Continuing working through my backlog, the next variant I tried was A112 V2 where I'd originally got stuck at step 13; when I resumed I edited that step before continuing from that position.
I finished this puzzle about a week ago and glanced at the walkthroughs posted by udosuk, Mike and Afmob but I only went through their walkthrougs today.

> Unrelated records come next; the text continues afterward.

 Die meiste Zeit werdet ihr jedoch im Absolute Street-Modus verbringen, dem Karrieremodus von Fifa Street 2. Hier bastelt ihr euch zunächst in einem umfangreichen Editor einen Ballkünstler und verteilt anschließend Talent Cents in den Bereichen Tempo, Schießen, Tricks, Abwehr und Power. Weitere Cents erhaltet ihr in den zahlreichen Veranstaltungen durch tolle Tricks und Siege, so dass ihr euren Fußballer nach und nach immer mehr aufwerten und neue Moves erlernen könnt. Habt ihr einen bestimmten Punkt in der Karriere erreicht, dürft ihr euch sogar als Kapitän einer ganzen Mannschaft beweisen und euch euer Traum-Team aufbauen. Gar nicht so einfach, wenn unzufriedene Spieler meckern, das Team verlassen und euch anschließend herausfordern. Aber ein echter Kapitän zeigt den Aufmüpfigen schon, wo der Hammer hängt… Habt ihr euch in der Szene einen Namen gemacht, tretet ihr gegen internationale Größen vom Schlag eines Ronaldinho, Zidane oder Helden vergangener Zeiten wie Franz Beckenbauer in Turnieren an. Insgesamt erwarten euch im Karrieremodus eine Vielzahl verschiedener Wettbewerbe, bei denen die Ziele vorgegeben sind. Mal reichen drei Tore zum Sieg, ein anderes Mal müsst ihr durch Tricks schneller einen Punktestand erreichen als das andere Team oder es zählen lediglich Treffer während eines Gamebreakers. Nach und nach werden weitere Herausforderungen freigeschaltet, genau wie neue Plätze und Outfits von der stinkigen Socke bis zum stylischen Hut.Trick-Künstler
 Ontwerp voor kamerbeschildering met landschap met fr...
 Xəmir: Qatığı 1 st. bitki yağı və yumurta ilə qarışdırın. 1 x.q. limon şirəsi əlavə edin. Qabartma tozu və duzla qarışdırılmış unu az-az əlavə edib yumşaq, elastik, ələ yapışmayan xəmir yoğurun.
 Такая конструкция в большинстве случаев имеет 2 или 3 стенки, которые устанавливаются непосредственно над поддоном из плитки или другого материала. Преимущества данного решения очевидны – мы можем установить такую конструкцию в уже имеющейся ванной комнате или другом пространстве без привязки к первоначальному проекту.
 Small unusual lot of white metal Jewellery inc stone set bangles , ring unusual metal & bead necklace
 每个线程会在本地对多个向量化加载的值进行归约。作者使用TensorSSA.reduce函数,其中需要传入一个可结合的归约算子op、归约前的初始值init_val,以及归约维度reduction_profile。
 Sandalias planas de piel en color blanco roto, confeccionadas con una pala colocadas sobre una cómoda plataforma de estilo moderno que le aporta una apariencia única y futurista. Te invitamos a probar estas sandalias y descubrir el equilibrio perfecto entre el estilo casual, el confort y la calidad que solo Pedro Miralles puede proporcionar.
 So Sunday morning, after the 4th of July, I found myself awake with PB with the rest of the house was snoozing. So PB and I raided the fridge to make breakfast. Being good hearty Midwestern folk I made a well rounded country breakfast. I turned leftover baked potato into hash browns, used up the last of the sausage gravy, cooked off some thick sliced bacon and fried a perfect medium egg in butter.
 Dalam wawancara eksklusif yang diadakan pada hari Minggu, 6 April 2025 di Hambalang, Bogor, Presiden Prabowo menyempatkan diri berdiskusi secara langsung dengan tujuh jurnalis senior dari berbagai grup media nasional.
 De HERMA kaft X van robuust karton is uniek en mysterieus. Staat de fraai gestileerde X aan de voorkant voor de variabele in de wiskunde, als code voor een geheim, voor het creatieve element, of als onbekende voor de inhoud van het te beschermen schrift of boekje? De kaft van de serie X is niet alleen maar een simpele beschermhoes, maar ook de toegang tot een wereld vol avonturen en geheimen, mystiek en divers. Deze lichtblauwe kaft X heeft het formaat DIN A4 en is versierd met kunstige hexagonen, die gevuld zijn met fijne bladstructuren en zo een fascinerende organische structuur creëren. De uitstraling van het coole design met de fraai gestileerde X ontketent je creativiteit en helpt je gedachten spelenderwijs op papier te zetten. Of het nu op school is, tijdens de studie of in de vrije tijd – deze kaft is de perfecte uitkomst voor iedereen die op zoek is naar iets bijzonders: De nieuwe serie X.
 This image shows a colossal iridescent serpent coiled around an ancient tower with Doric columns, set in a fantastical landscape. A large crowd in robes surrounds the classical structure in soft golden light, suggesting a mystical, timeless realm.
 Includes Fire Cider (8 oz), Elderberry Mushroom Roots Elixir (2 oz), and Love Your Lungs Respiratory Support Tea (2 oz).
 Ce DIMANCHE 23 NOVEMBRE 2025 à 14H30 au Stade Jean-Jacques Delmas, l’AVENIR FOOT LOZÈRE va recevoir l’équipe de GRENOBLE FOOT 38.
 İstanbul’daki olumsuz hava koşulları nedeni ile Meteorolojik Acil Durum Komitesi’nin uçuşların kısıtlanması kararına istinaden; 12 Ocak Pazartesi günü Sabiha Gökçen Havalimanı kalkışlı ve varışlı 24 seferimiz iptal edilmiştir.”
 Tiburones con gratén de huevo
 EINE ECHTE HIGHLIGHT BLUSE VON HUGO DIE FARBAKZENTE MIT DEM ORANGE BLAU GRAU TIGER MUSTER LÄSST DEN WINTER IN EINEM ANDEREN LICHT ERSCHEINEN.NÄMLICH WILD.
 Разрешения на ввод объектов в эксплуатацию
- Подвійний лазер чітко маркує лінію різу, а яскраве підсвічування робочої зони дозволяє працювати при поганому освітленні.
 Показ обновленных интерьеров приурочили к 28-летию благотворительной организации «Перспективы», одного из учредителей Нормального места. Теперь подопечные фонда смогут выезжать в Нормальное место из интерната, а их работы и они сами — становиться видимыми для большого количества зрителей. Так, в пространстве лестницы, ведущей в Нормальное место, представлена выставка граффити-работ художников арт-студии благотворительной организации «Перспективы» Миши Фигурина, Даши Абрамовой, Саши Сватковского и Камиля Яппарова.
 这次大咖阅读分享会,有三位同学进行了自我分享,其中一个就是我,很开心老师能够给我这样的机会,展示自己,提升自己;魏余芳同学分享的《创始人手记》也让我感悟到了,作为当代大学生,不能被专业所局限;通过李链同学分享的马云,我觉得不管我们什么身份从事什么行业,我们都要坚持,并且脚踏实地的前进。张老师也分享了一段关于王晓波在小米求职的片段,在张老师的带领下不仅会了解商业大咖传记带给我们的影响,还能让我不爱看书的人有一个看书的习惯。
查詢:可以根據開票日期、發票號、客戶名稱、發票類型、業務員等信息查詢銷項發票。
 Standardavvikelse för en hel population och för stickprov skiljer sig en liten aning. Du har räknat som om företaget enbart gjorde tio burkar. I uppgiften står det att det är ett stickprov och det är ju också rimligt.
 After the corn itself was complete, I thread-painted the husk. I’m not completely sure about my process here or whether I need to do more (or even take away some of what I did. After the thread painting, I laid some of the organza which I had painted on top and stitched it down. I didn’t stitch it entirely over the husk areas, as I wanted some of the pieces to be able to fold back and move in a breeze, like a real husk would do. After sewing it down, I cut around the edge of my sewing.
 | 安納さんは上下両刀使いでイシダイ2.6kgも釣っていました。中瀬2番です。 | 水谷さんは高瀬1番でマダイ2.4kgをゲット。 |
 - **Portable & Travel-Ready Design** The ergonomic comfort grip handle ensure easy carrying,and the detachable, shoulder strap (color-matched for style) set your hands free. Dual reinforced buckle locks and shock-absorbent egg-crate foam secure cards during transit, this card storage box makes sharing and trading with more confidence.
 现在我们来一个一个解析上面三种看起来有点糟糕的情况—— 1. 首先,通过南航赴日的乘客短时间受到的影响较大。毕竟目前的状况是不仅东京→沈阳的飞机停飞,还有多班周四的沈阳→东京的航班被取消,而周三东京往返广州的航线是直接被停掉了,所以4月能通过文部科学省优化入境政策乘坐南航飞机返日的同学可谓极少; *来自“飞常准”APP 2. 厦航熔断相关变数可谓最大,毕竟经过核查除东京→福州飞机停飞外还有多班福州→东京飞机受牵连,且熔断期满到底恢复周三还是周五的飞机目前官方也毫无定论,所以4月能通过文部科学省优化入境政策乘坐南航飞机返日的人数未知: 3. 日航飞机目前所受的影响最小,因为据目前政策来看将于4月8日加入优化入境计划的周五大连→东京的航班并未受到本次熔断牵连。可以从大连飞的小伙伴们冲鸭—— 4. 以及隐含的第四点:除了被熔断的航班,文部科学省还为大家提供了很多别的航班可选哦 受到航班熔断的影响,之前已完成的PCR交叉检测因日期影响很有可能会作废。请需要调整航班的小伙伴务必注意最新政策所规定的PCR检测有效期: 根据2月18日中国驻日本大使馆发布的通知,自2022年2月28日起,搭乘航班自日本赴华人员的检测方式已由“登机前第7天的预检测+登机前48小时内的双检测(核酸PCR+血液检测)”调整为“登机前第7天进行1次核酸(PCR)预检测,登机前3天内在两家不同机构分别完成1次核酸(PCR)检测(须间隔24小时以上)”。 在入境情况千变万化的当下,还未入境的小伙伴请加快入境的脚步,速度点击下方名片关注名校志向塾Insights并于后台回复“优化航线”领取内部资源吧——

I was puzzled by the discussion about a possible weakness in A112 V2 and its focus on the hidden 19(3) cage in R12 which I found very early or, in Mike's case, the three outies for R89. I don't see that as a weakness and I very much doubt that SudokuSolver missed that. I also doubt that any software solver would have found udosuk's step 3; while adding the same thing to both sides of an equation is a known mathematical technique, it's unusual and ingenious for a sudoku solving step. In my view the weakness, if there is one, is that the solving path becomes a lot easier after eliminating 9 from R1C1 or fixing R23C5. I took a very long time to reach that position. Udosuk, Mike and Afmob all post optimised walkthroughs so either they made that elimination a lot earlier than I did or they subsequently optimised their walkthroughs to focus on it. Out of the three walkthroughs posted already, Afmob used the most direct way to make that elimination but all three used difficult steps to achieve it so I don't really think that this puzzle can be considered to have a weakness.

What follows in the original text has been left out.